The “manosphere” gives aggrieved, frustrated, disappointed, and angry men stories to help them process their emotions, but they still rely upon self-centered and egotistical tropes like the hero’s journey or misogynistic worldviews. These don’t address the deeper and more universal reality that none of us (male or female) are heroes from Marvel movies, that deep, painfully-bitter experience is part of the common human journey, and that eating that bitterness with humility and without expectation of any award for being special, is a virtue that helps you develop character.
I’m not from NA and I don’t think that’s specific to NA, I saw this in people from Western Europe, Northern Africa and Japan. Also whatever positive aspect of traditional culture there may be, everything seems to get crushed by the social media bulldozer consumeing hours a day from childhood.
AFAB here and I agree 100% - the issue is that by elevating that which used to acceptably be oppressed, the primary oppressor feels that they have lost station and position as they see society as a ladder - if you aren’t at the top someone else is above you. That kind of thinking makes this even more difficult to solve.

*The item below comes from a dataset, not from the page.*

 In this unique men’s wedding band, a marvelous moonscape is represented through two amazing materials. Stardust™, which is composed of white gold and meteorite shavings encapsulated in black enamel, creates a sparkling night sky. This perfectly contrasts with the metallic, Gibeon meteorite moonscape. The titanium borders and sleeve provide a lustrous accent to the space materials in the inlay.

How can right wing extremists hijack a “foundational framework” when you offer nothing. For them to hijack the conversation you would first have to offer substance that then is taken but you don’t offer anything. That is why they vote against you. You are for the betterment of one sex and that doesn’t include them. Why would they vote with you? If the situation were reversed you wouldn’t vote with them either.

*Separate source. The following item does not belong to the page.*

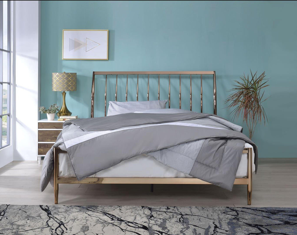 The Marianne Queen bed delivers a commanding presence in any room. This beautiful sleigh bed in copper finish features a low profile footboard, slatted design headboard, and tapered legs. This fashionable bed will fuse with the surrounding décor to transform an ordinary room into something interesting and sophisticated.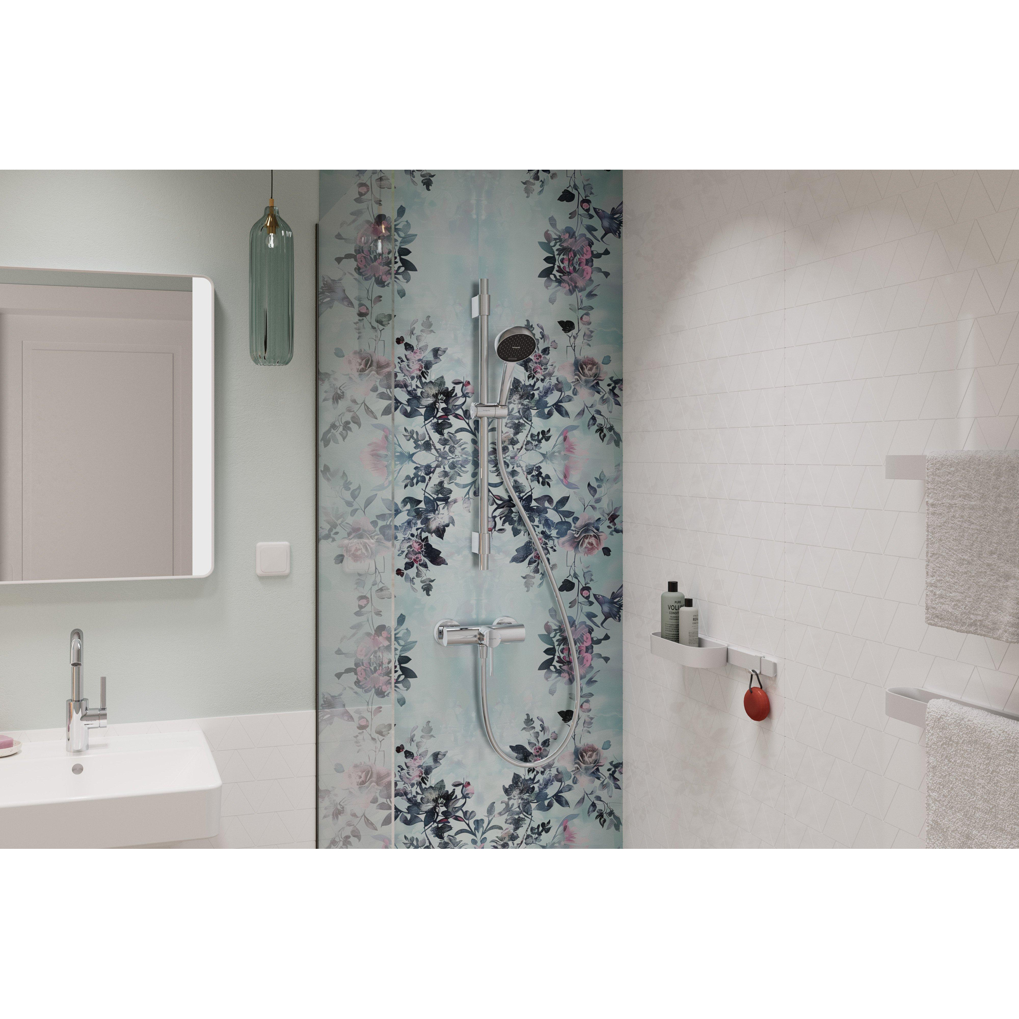 L'ensemble est équipé de deux types de jets – Rain et ImpactRain – que vous pouvez facilement changer avec le bouton Select pratique. La barre coulissante est réglable en hauteur de manière continue et le support coulissant est pivotant, vous permettant de positionner la tête de douche exactement comme vous le souhaitez. Le raccord pivotant empêche le tuyau de douche de s'emmêler, rendant l'utilisation encore plus confortable. Grâce au mécanisme de verrouillage, tout reste solidement en place, tandis que le support mural variable permet un montage flexible.

I must live in a bubble. Both of my (university age) kids and their friends are vocally offended by Trump and Musk, and they think Polierve is a bad joke.
My oldest games online with a few Americans and they are also very anyi-trump. (“They wouldn’t be my friends if they supported him”)
You are most likely living in a bubble. Cherish it, but don’t forget, that there are a lot of people that feel different from you.
I do have the same experience. My social circle is very much open, tolerant and absolutely hates what the GOP in America and right leaning/right wing parties in Europe are doing and proposing. I know almost no young people that support strong conservative or right leaning policy and talking points. I am however also in contact with a different group of people (through my countrys military/military reserve), that very much leans into those right talking points and favours more conservative policy.
If you can, engage with them and try to understand them and help them understand your point.
Well the kids are leaning right because of propaganda and mind control. Plain and simple. Instagram and Twitter actively push ragebait content designed to radicalise impressionable kids.
Shitty parenting and the education system being eroded year by year. This is the generation that the billionaires wanted. Poor, stupid and complicit.